Memberships

 

Remuneration Committee

Audit Committee

Kevin Gilmore

Member

Chairman

James Hill

Member

Member

Nicholas Trigg

Chairman

Member

 

Audit Committee

 

Constitution & Authority

The Committee is established as a committee of the Board of the Company and in accordance with the Combined Code on Corporate Governance 2006. The Committee is authorised to undertake any reasonable activity within these terms of reference. The Committee is authorised by the Board to obtain, at the Company’s expense, internal or external independent professional advice, as the Committee considers appropriate. Each member of the Committee discloses to the Committee:

a. any personal financial interest (other than as a shareholder) in any matter to be decided by the Committee; or

b. any potential conflict of interest from a cross-directorship or other activity; and

any such member will abstain from voting on resolutions of the Committee in relation to which such interest exists and from participating in the discussions concerning such resolutions and (if so required by the Board) will resign from the Committee.

 

Composition & Meetings

The Committee and its Chairman shall comprise all members of the Board, but the Committee shall consist of not less than three members. A quorum shall be two members. No one other than the Committee members shall be entitled to attend Committee meetings. It is expected that the external Finance Director will attend regularly and lead external auditor will attend from time to time as necessary.
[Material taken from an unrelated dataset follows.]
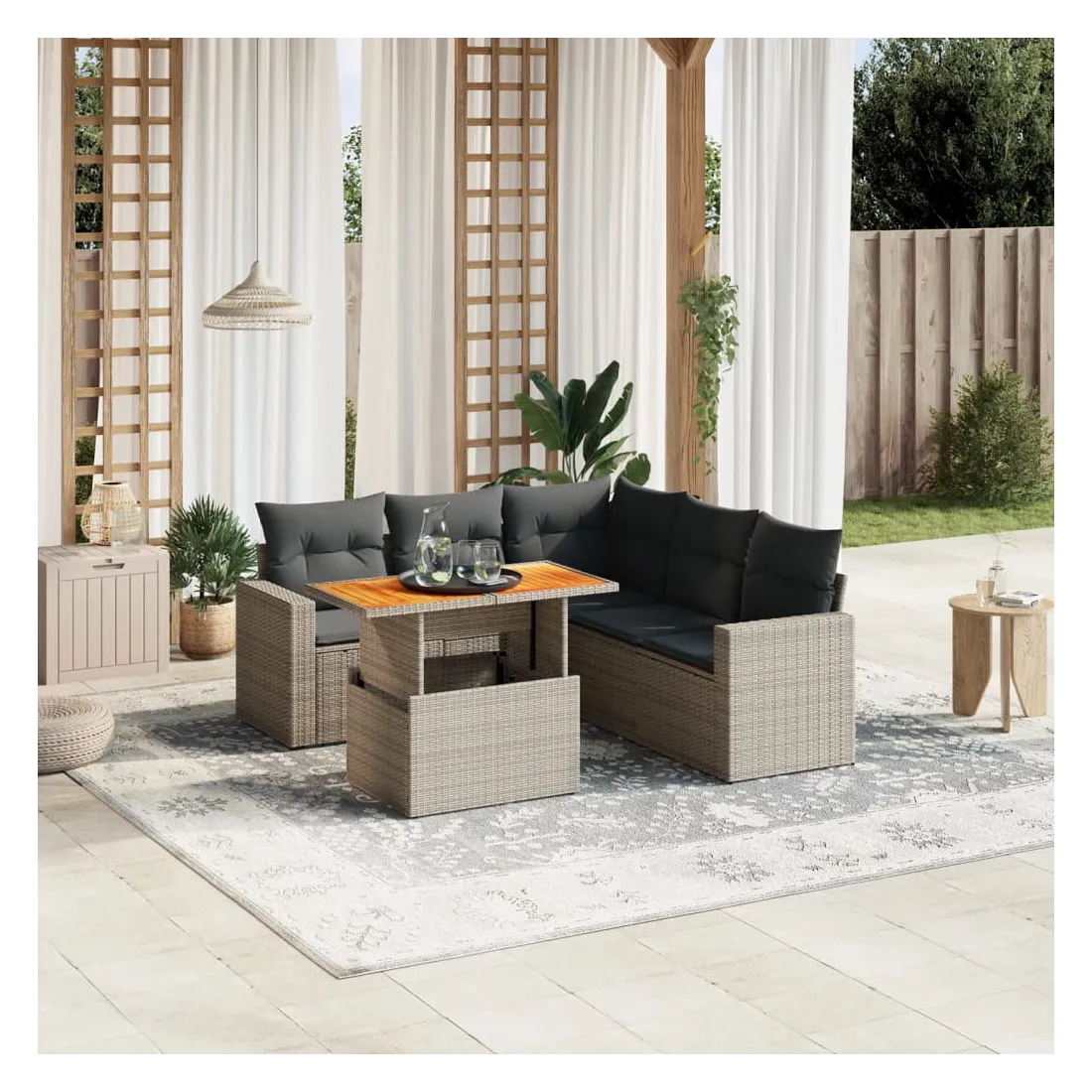 Cet ensemble de canapés de jardin est le complément parfait de votre arrière-cour, terrasse ou patio, offrant un espace confortable et accueillant pour discuter avec la famille et les amis ou simplement se détendre et profiter de l'extérieur. Matériau durable : la résine tressée, également connue sous le nom de poly rotin, est un matériau synthétique solide et nécessitant peu d'entretien qui ressemble au rotin naturel. Il est léger, facile à nettoyer et couramment utilisé pour les meubles d'extérieur en raison de sa durabilité et de ses propriétés de résistance aux intempéries.Dessus de table réglable : le dessus de table peut être soulevé pour rendre la table plus haute, ce qui transforme la table d'extérieur d'une table basse à une table de salle à manger. Elle est parfaite pour recevoir des invités ou prendre des repas à l'extérieur.Expérience d'assise confortable : ce mobilier d'extérieur, doté de coussins épais, offre une expérience d'assise confortable.Housse amovible et lavable : ces coussins de siège sont dotés de housses amovibles pour un lavage et un entretien faciles.Conception modulaire : cet ensemble de meubles d'extérieur a une conception modulaire, ce qui le rend complètement flexible et facile à déplacer, afin que vous puissiez créer un agencement de meubles d'extérieur personnalisé. Bon à savoir :Pour que vos meubles d'extérieur restent beaux, nous vous recommandons de les protéger avec une housse imperméable.

Meetings shall be held not less than two times in each financial reporting year and at such other times as the Chairman of the Committee or the external auditors or internal auditors shall require, of which one meeting a year, or part thereof, shall be where the audit committee meets the external and internal auditors.

 

Renumeration Committee

 

Constitution & Authority

The Committee is established as a committee of the Board of the Company and in accordance with the Combined Code on Corporate Governance 2006. The Committee is authorised to undertake any reasonable activity within these terms of reference. The Committee is authorised by the Board to obtain, at the Company’s expense, internal or external independent professional advice, as the Committee considers appropriate. Each member of the Committee discloses to the Committee:

a. any personal financial interest (other than as a shareholder) in any matter to be decided by   the Committee; or
b. any potential conflict of interest from a cross-directorship or other activity; and

any such member will abstain from voting on resolutions of the Committee in relation to which such interest exists and from participating in the discussions concerning such resolutions and (if so required by the Board) will resign from the Committee.

 

Composition & Meetings

The Committee and its Chairman shall comprise three members of the Committee, which shall consist of not less than three members. A quorum shall be two members. No one other than the Committee members shall be entitled to attend Committee meetings unless specifically invited thereby. The Committee members are authorised to consult the Finance Director, if necessary, from time to time. Meetings shall be held at such times as the Chairman of the Committee shall require, but a minimum of once every two years.